Si se puede otorgar un premio al santo más excéntrico de todos, debe ser para Simeón el Estilita. Buscando austeridades cada vez mayores, ayunó durante todo un año en Cuaresma, atándose a una roca, permaneciendo de pie durante días en ferviente oración. Su próxima mortificación fue vivir durante cuatro años en un pilar que erigió y que medía seis codos (cinco yardas) de altura. Luego, tuvo seguidores entusiastas que le construyeron pilares cada vez más altos. Finalmente, residió durante 20 años en un pilar que tenía cuarenta codos de altura y cuya plataforma tenía solo seis pies de ancho. Discípulos caritativos le subían comida. Oraba sin cesar y, según se informa, convirtió a miles. Sin embargo, este puede ser un caso en el que la excentricidad eclipsa la imitabilidad.
San Ignacio de Loyola, fundador de la orden jesuita, una vez entró en contacto con un moro al que intentó convertir. Fracasando en su intento, Ignacio tenía que tomar una decisión. ¿Debería permitir que el moro siguiera su camino o involucrarlo en una lucha a muerte? Ignacio dejó la decisión a su mula. Si la mula se dirigía hacia el camino lateral que había tomado el moro, lucharía contra él. De lo contrario, lo dejaría en paz. Afortunadamente, la mula, por así decirlo, tomó la decisión prudente y providencial.

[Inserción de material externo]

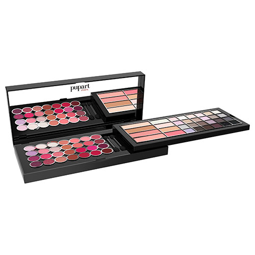 PUPART L – SMOKEY SHADES by PUPA. Set of cosmetics for face, eye and face makeup. It consists of: 2 compact blushes, powder, bronzer, 3 highlighting powders, 3 concealers, eye shadow primer, 20 eye shadows, 2 double applicators, as well as 16 lip glosses and 12 cream lipsticks. The colors will allow you to create makeup for any occasion. The packaging in shades of black, white and gold looks very elegant. A mirror was placed under the closing cover. The product will be a great gift idea for any lover of makeup.
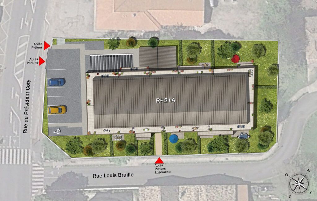 Résidence Le Flore à Saint Vincent de Paul 56 logements répartis sur 2 bâtiments en R+2 et R+2+attique, du T1 au T3 avec terrasse, balcon ou loggia. Stationnement extérieur et abrité. Deu...

San Alfonso María de Ligorio era muy aficionado a la música pero tenía pocas oportunidades de disfrutarla. La única, desde el escenario de su Nápoles natal, era problemática, ya que se realizaban entretenimientos de dudosa índole. ¿Cómo evita un hombre santo la tentación? Alfonso se sentó en la parte trasera del escenario y, una vez que se levantó el telón, se quitó rápidamente los anteojos. Podía escuchar, pero no ver.
San Juan Bosco tenía enemigos como suelen tener los santos. Lo consideraban un lunático por hacerse cargo de un grupo muy grande de niños. Un día, llegó un carruaje con dos sacerdotes para llevar a Juan al hospital para un examen. El santo había sido advertido. Fue amable con los sacerdotes y les dijo que estaría encantado de ir con ellos «a dar un paseo por el campo». Estaba dispuesto a subir al carruaje, pero primero, mostrando sus buenos modales, dijo «Después de ustedes, Padres». Una vez que los dos sacerdotes estuvieron cómodamente sentados, Juan se apartó y gritó al conductor: «Al manicomio». Y el carruaje se alejó sin él. Un poco de astucia no anula una espléndida santidad.

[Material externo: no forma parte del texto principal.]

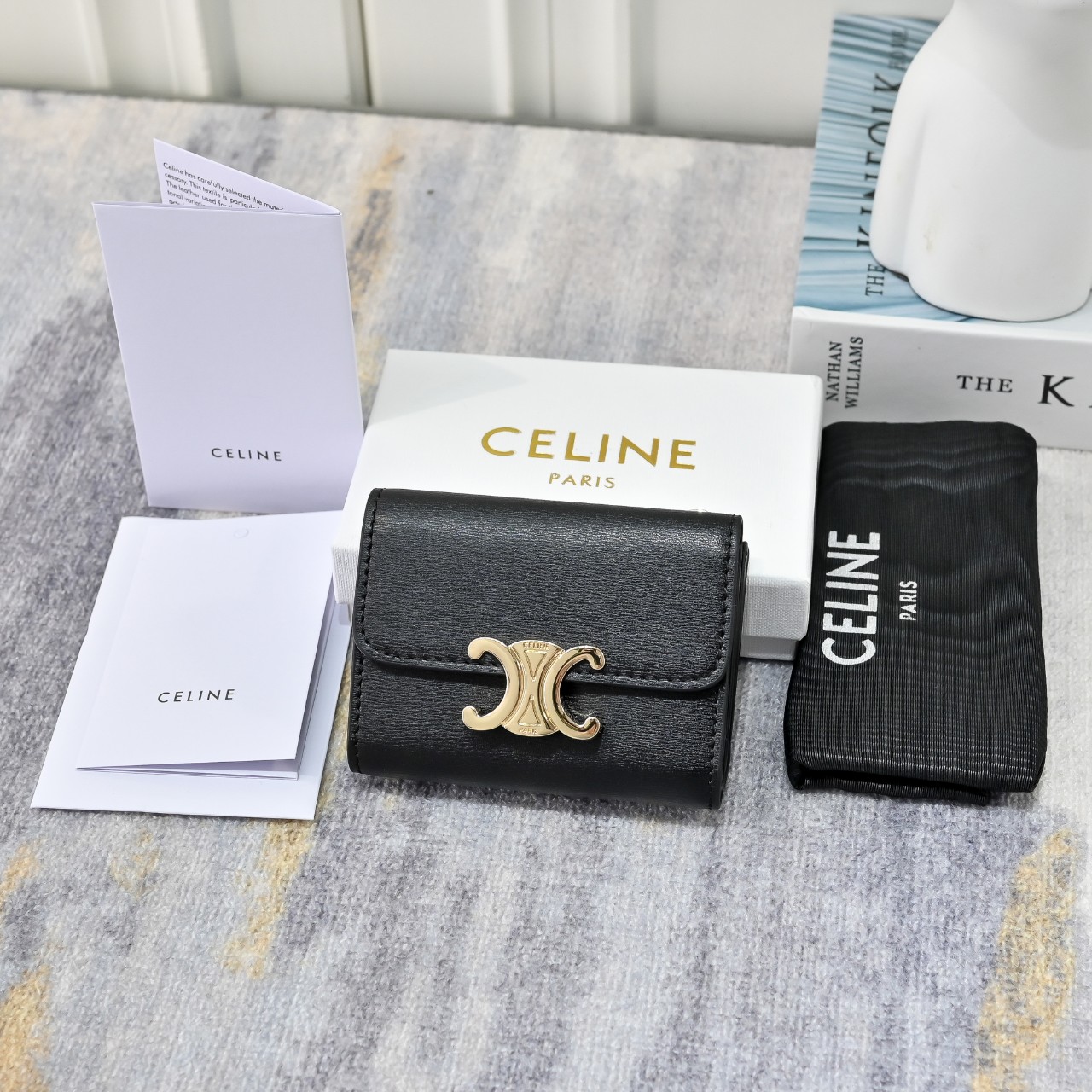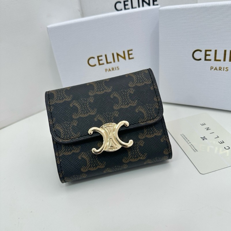셀린느 트리오페 3단 동전 컴팩트 반지갑 브라운 탄/블랙

San Martín de Porres tenía un gran amor por los animales que se extendía a los animales más pequeños, una postura que al menos bordeaba la excentricidad. Incluso apreciaba a los roedores que mordisqueaban las vestiduras del monasterio y defendía a ratas y ratones argumentando que «las pobres criaturitas no estaban lo suficientemente alimentadas». Era toda una Sociedad Protectora de Animales en sí mismo y tenía un hospital para perros y gatos en la casa de su hermana. Por otro lado, San Bernardo excomulgó a las moscas que lo molestaban a él y a los miembros de su congregación. Santa Brígida trató la naturaleza como si fuera obediente a sus órdenes: «Sal y pide amablemente a las gallinas que pongan más huevos… Habla con los árboles, ve qué dejaron en forma de frutas… Habla con ternura a las vacas y pídeles un poco de leche».
Como sabiamente señaló San Francisco de Sales, «no hay daño para los santos si se muestran sus defectos, así como sus virtudes». Tampoco deberíamos permitir que nuestros defectos nos desanimen de continuar en nuestro camino hacia la santidad.